### What you have to do
Set the listing down again exactly, please, apart from its pictures.

### Dataset content

+===+

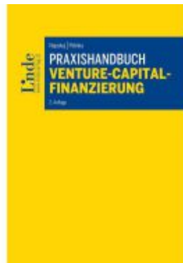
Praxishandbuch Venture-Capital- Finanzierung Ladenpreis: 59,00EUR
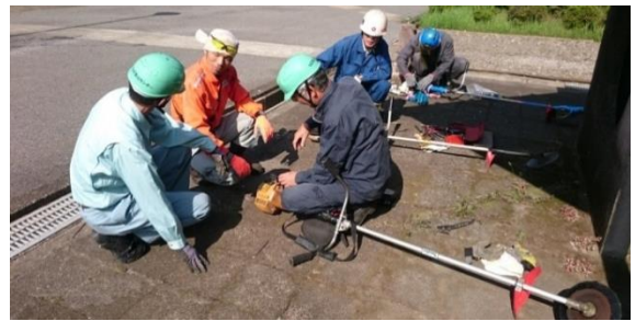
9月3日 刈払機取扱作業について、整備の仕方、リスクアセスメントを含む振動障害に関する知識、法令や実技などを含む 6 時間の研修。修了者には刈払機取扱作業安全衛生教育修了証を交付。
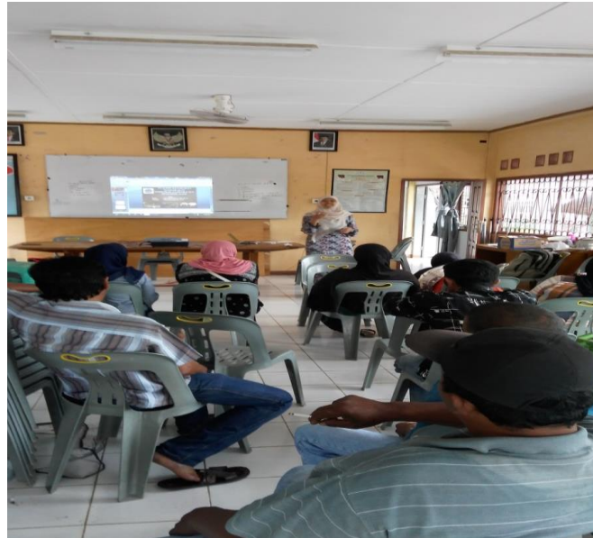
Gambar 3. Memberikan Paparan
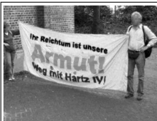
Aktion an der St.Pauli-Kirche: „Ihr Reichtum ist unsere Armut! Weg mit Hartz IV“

+===+

### Solution below
Praxishandbuch Venture-Capital- Finanzierung Ladenpreis: 59,00EUR
9月3日 刈払機取扱作業について、整備の仕方、リスクアセスメントを含む振動障害に関する知識、法令や実技などを含む 6 時間の研修。修了者には刈払機取扱作業安全衛生教育修了証を交付。
Gambar 3. Memberikan Paparan
Aktion an der St.Pauli-Kirche: „Ihr Reichtum ist unsere Armut! Weg mit Hartz IV“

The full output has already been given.